Changes in solar energy fuelled high speed evolutionary changes, study suggests | Science

J.Just over 500 million years ago, life on Earth accelerated from simple single-celled organisms to sophisticated multicellular life forms. The Cambrian explosion produced a series of weird and wonderful new inhabitants, such as the five-eyed opabinia and the wiwaxia spiny slug. Pulses of oxygen in the atmosphere and ocean are thought to have fueled this diversification, but until now it was unclear what was causing the oxygen fluctuations. A study now suggests that changes in Earth’s orbit could be behind these evolutionary impulses.
The researchers used a climate and biogeochemical model and studied how periodic changes in Earth’s orbit affected the amount of solar energy reaching Earth. They found that changes in solar energy every two to three million years followed the ups and downs in observed oxygen levels.

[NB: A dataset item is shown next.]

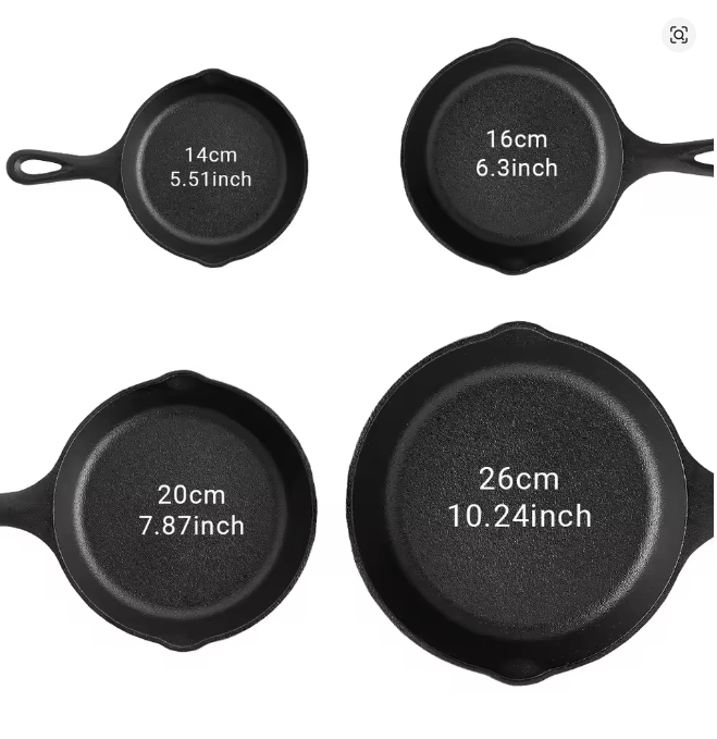 Profesjonalny zestaw żeliwnych patelni w rozmiarach 14, 16, 20 i 26 cm, wstępnie przyprawionych i gotowych do użycia. Bez powłoki, bezpieczne dla zdrowia, odporne na rdzę i zapewniające równomierne rozprowadzanie ciepła. Idealne do smażenia, duszenia i przyrządzania potraw jak w restauracji – trwałe i uniwersalne.

Writing in Geophysical Research Letters, the researchers suggest that changes in solar energy caused climate shifts that altered the extent of weathering of land surfaces – particularly at high latitudes – with periods of rapid weathering releasing bursts of nutrients into the oceans, which drove photosynthesis and increased oxygen levels, fueling high-speed evolutionary changes.
Similar orbital changes have occurred in other eras, but only the Cambrian period had all the necessary ingredients to enable this exceptional evolutionary explosion.